What Do Successful Movements Have in Common?

We’ve all heard the phrase ‘movement is medicine’. But we tend to forget that ‘the dose makes the poison’! Too much of one medicine can kill a person, just as too little won’t have any impact on an illness or disease. Balance is key but when it comes to our health, it matters a whole lot more.

And the same thing applies to movement as well. Too MUCH, as we risk a flare-up of our pain. Too LITTLE, and the loading is not enough to create lasting changes. So what does it mean to have ‘successful movements’ that aid our recovery processes?



Here are 4 themes of successful movements that are guaranteed to progress your healing journey!

1) Have a clear purpose

Knowing your END GOAL when starting the rehabilitation journey to get out of pain is just as important as knowing HOW the pain started. All chiropractic adjustments and rehab exercises MUST fulfill the criterias to get you to where you want to be:

  • Planned after a complete assessment of what is causing the pain/movement restriction
  • Explained to you so that you have a complete understanding of what is going on and how recovery will look like
  • Follows a common goal and purpose so that both you AND your clinician are on the same page, having the same expectations, and working towards the same goals!

2) Focused on value instead of hype

Lots of things are hyped up. Even dry needling services, which we DO provide here. But guess what? Not everyone needs dry needling. Not everyone needs that fancy cryotherapy machine. Not everyone needs kinesiotape. 

We focus on value – what you actually need, you get.

3) The strength of a movement is NOT in large attempts, but small groups

It’s not always in the huge deadlifts or squats!
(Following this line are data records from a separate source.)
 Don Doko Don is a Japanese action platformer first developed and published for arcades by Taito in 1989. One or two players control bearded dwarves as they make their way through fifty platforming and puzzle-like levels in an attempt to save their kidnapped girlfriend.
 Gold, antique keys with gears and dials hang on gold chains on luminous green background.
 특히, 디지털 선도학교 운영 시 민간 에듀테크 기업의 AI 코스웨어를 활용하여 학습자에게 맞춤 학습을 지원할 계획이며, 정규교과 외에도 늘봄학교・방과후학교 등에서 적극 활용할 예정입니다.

Sure, they look amazing for the ‘gram and it feels good getting validation from your peers about how heavy you can lift, or the Personal Best records that you’re beating. 

But strength actually comes from the SUM of small parts to create that big attempt – small muscle groups that work together as one unit to push, pull, and load. And any one part of that chain of small muscles which aren’t loaded effectively can set you back a couple kilos of lifting weight, or even worse, injured.
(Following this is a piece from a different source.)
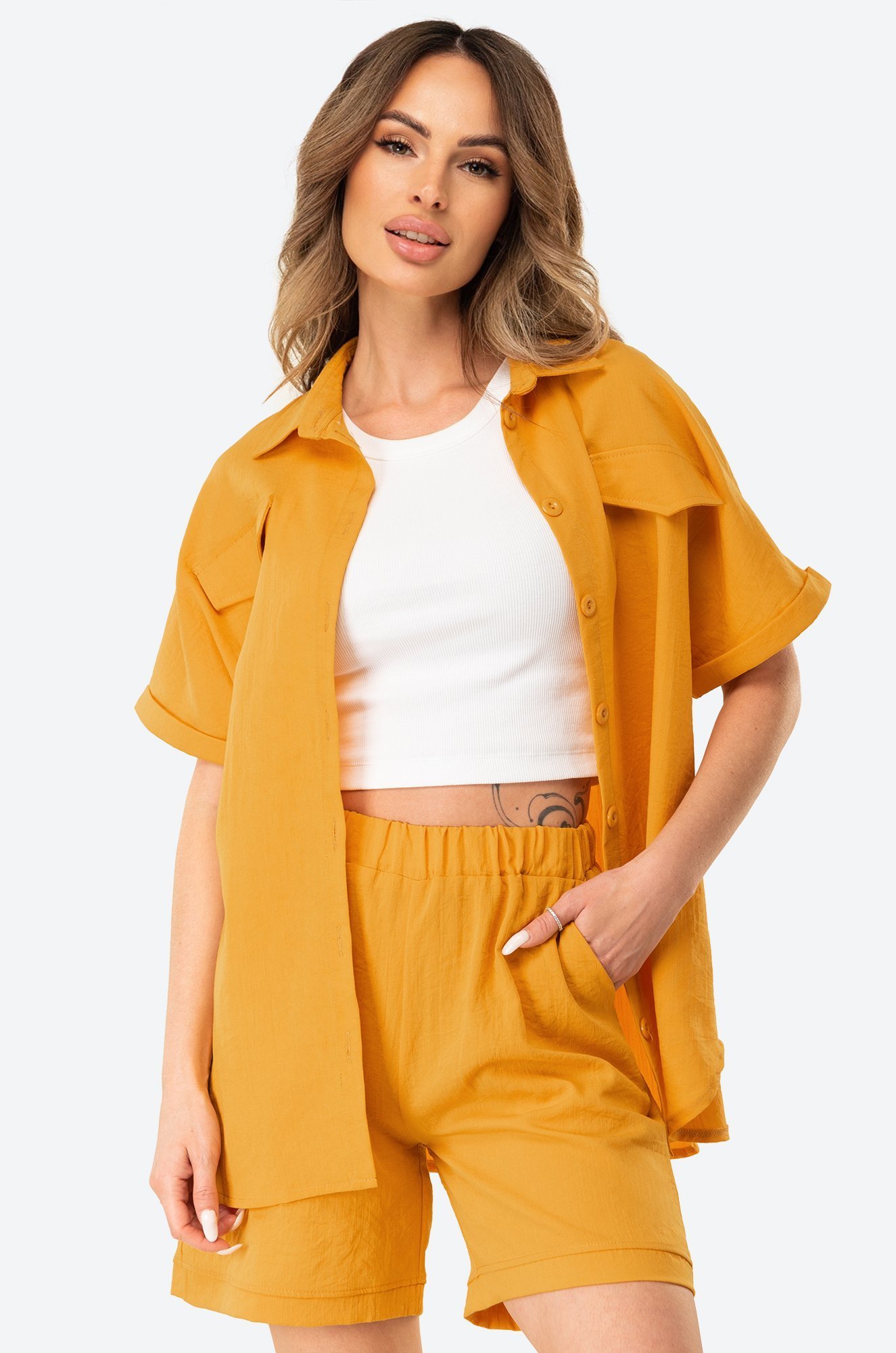 Костюм двойка для женщин включает в себя свободные шорты с карманами и рубашку с коротким цельнокроеным рукавом. Шортики с высокой посадкой и эластичным поясом на резинке подойдут для любого типа фигуры. Низ шорт и рукава рубашки дополнены подворотами. Рубашка с клапанами имеет удобную застежку на пуговицы.

4) Overcome increasing resistance

The goldilocks rule – not too little, not too much; just right. Slowly increasing tolerance to load/resistance will bring you far. The general rule of thumb that we follow is an increase of 10%-15% each time you feel like you’re ready to go further. What this can look like:

  • If you finally have no pain walking or exercising for 20 minutes, then progress your next session to 25 minutes the next day
  • If you’re jogging on a Level 5 incline and finally aren’t feeling that knee pain, push it up to a Level 6 (if increments to 5.5 aren’t possible) instead of going right up to 7

If you’re still feeling some discomfort but have been managing it well (your physio or chiro should be teaching you strategies to self-manage flare ups at home), and are ready to see if you’re ready for the next step – an increase of 10% intensity should give you a good idea if you’re ready for it or not. Monitor for the next 24 hours and if discomfort levels reduce back to baseline, that’s a good sign.

So, having a clear purpose, ignoring the hype and focusing on value, strengthening smaller muscle groups, and loading progressively are all constituents of movements that will set you up for success.

… The best part about all these points?

They’re EXACTLY the same as what makes HISTORICAL movements successful ().

If it was good enough to cause changes in history textbooks, then they’re good enough for your body!